Her business-saving epiphany came at a May trade show. As she addressed a crowd at a New Mexico convention of the National Association of Workforce Development Professionals, an attendee from Florida jumped up and down in the back of the room, telling her that his work force-investment board needed her educational program, but couldn't afford it on-site. Instead, he could put her materials on the Internet for her, and she could train online at a much lower cost.

"I'd had offers for years to put everything online, so I was like, 'Yeah, yeah, yeah,' " Timpa recalled. "The next thing I knew, he sent me a sample chapter."

The draft helped Timpa see the possibilities. She could customize online training for any business, and she could even reach displaced workers.

"Now, we can reach international customers who've been contacting me for years, and we can make them their own curriculum in a heartbeat. We could reach thousands of people at a fraction of the cost," she said.

Timpa has teamed up with Vegas PBS, which has a work force-training division, to develop her classes. She's transforming her textbook, "Hotel English," into an online version, and Vegas PBS will provide closed-circuit video capabilities for instructors to help guide students through the Internet material.
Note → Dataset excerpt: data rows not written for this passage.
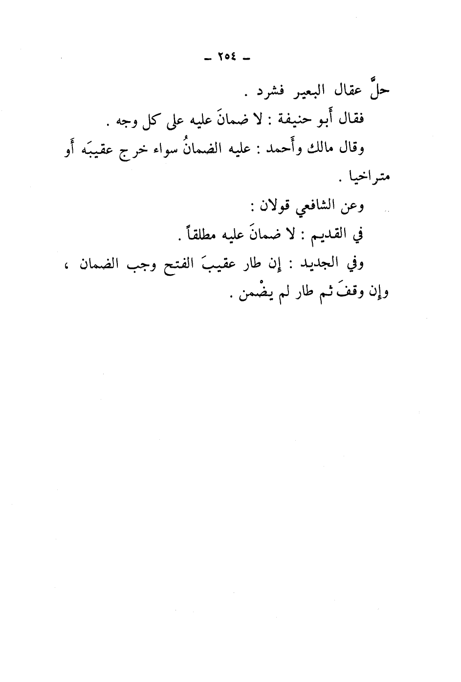 وعن الشافعي قولان: في القديم: لا ضمان عليه مطلقا.
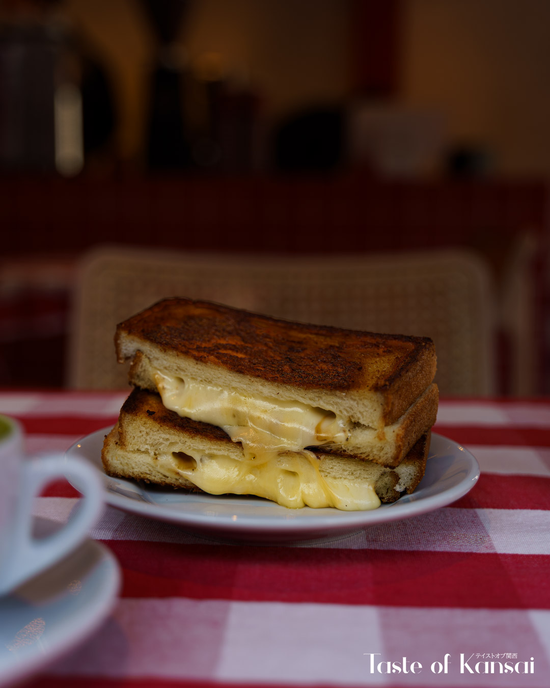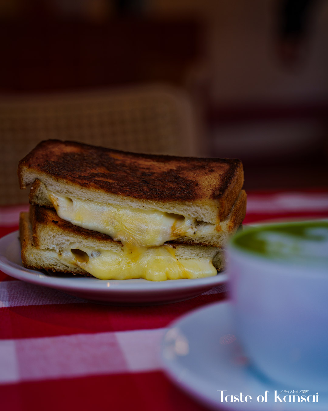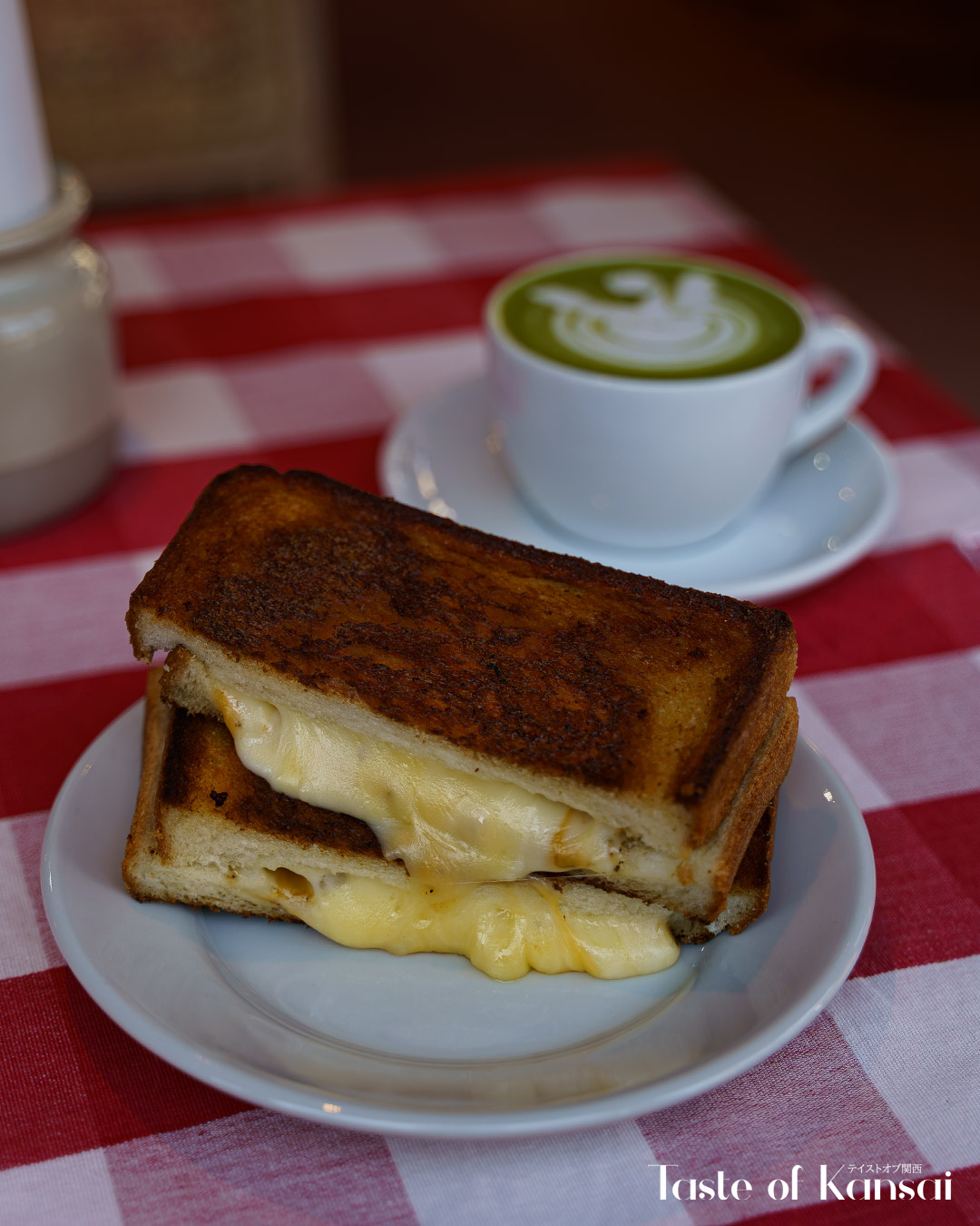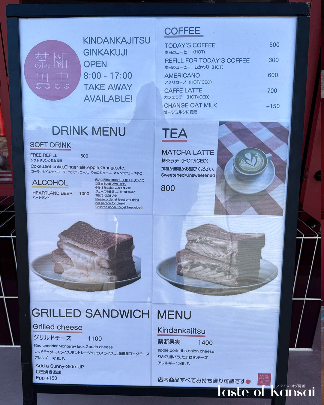 Of course, the real draw is the food. The menu at Kindan Kajitsu Ginkaku-ji focuses on simple café drinks and hearty grilled sandwiches. Coffee options include Today’s Coffee, Americano, and Caffè Latte, with the option to switch to oat milk, while tea drinkers can choose a Matcha Latte served hot or iced. Soft drinks such as cola, ginger ale, apple juice, and orange juice are available with free refills, and there is also a Heartland beer for those wanting something alcoholic. For food, the café offers grilled sandwiches like a classic grilled cheese made with red cheddar, Monterey Jack, and gouda, as well as the house “Kindankajitsu” sandwich that pairs apple with pork ribs, onion, and cheese, reflecting the café’s signature theme.
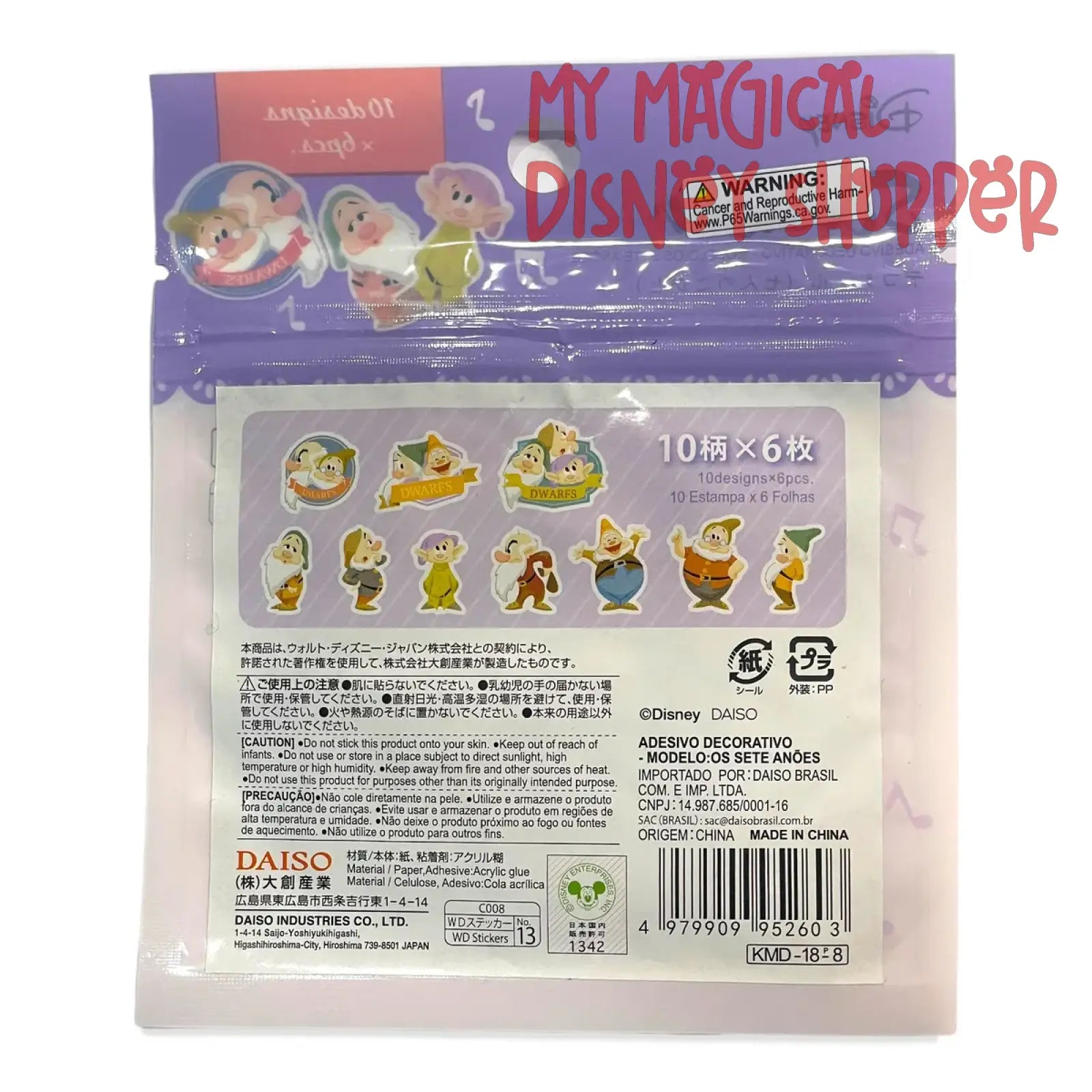Decorate your scrapbook or favorite paper craft with our licensed Seven Dwarfs Mini Stickers. Includes 10 designs with 6 pieces of each. Total of 60 stickers.
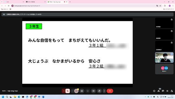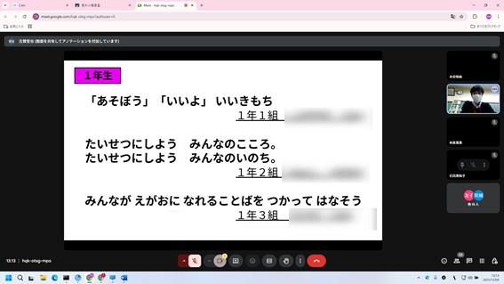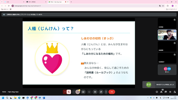 人権週間にともない、本日の昼はオンラインで人権集会を行いました。
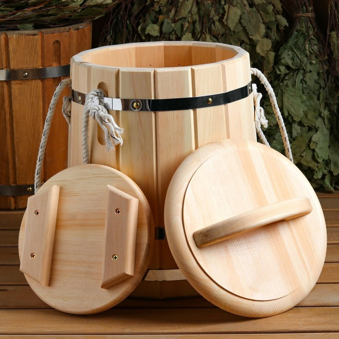 Кадка-бочка для засолки кедровая "ЛЮКС" с крышкой, ручка- верёвка, 10 л

Once the final product rolls out in the spring, a hotel operator will be able to stream interactive-video lessons into multiple properties, and combine them with Internet lessons.

But it's consumers who will benefit the most from the new training initiative, Timpa said.

"We can reach so many people with this. Customized training (online) doesn't replace face-to-face learning, but it gets everyone excited about speaking English to their customers," she said. "And the more people you have trained in (English as a second language), the more you'll have people talking with your customers and giving exceptional service."